§ **PROMPT**: Transcribe the listing exactly, skipping every picture.

§ **GIVEN INFORMATION**:
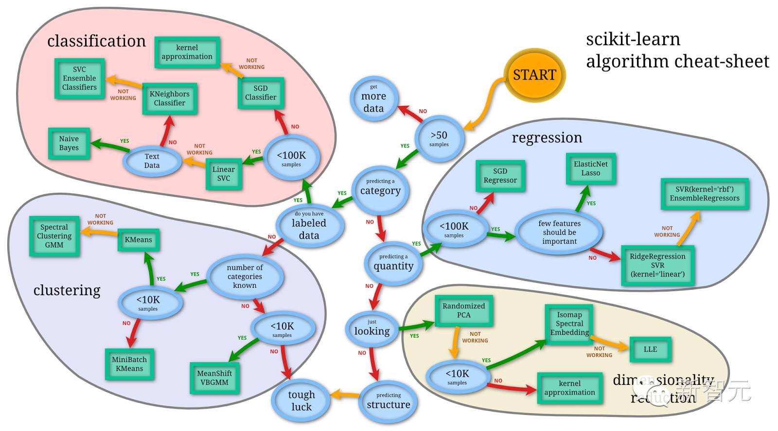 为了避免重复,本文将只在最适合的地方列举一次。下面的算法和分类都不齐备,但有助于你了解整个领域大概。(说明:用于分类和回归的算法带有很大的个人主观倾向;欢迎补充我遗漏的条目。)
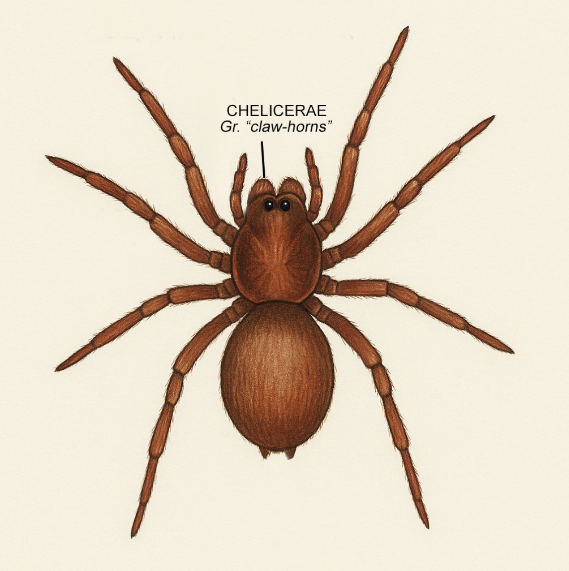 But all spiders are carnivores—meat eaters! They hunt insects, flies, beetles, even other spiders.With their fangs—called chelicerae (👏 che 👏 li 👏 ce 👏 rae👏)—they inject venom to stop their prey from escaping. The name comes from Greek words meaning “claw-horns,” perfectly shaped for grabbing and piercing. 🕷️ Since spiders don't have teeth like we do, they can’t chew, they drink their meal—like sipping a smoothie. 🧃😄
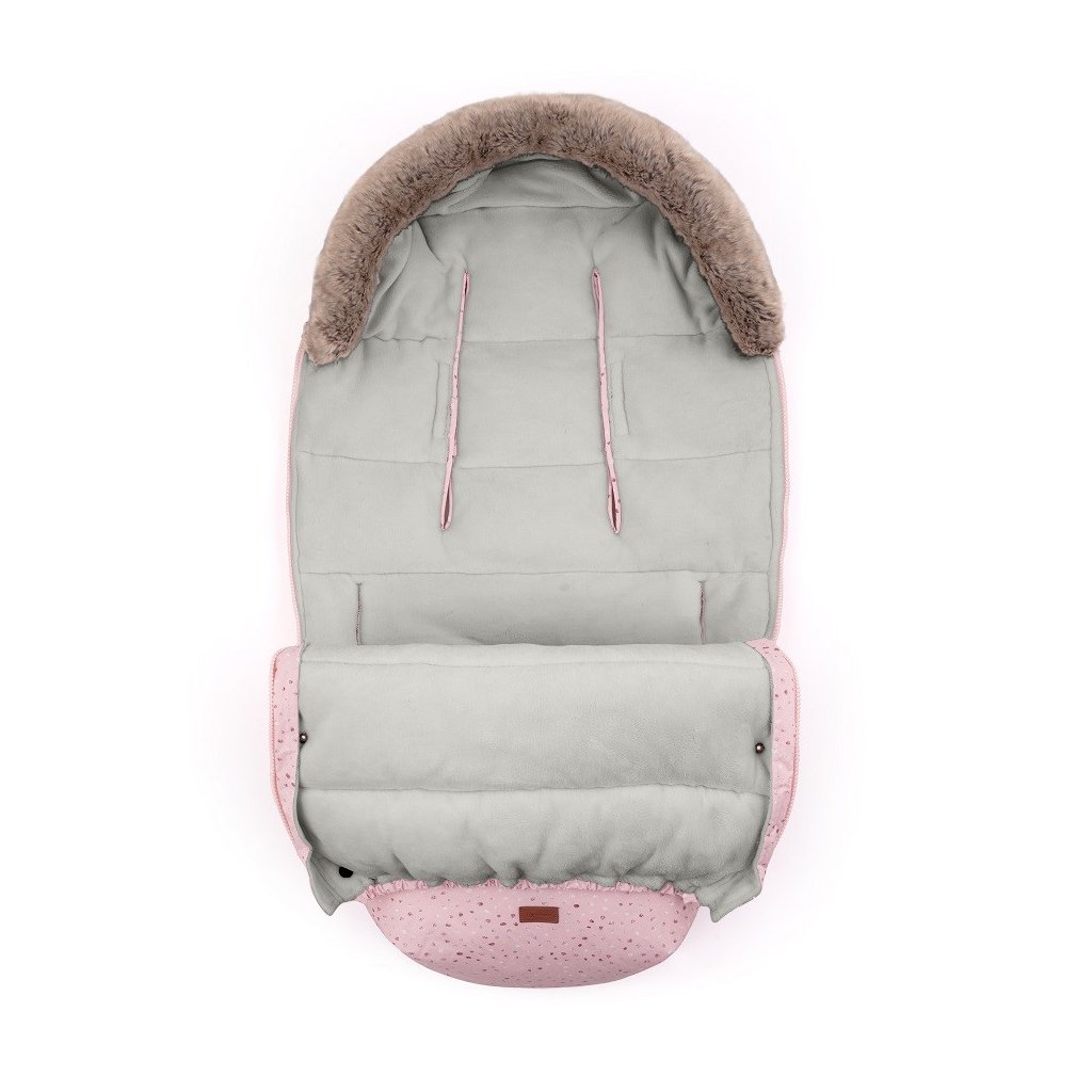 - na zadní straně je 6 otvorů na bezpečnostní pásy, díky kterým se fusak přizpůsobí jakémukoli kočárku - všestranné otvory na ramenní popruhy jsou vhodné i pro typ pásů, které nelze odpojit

§ **ANSWER TO THE EXERCISE**:
 为了避免重复,本文将只在最适合的地方列举一次。下面的算法和分类都不齐备,但有助于你了解整个领域大概。(说明:用于分类和回归的算法带有很大的个人主观倾向;欢迎补充我遗漏的条目。)
 But all spiders are carnivores—meat eaters! They hunt insects, flies, beetles, even other spiders.With their fangs—called chelicerae (👏 che 👏 li 👏 ce 👏 rae👏)—they inject venom to stop their prey from escaping. The name comes from Greek words meaning “claw-horns,” perfectly shaped for grabbing and piercing. 🕷️ Since spiders don't have teeth like we do, they can’t chew, they drink their meal—like sipping a smoothie. 🧃😄
 - na zadní straně je 6 otvorů na bezpečnostní pásy, díky kterým se fusak přizpůsobí jakémukoli kočárku - všestranné otvory na ramenní popruhy jsou vhodné i pro typ pásů, které nelze odpojit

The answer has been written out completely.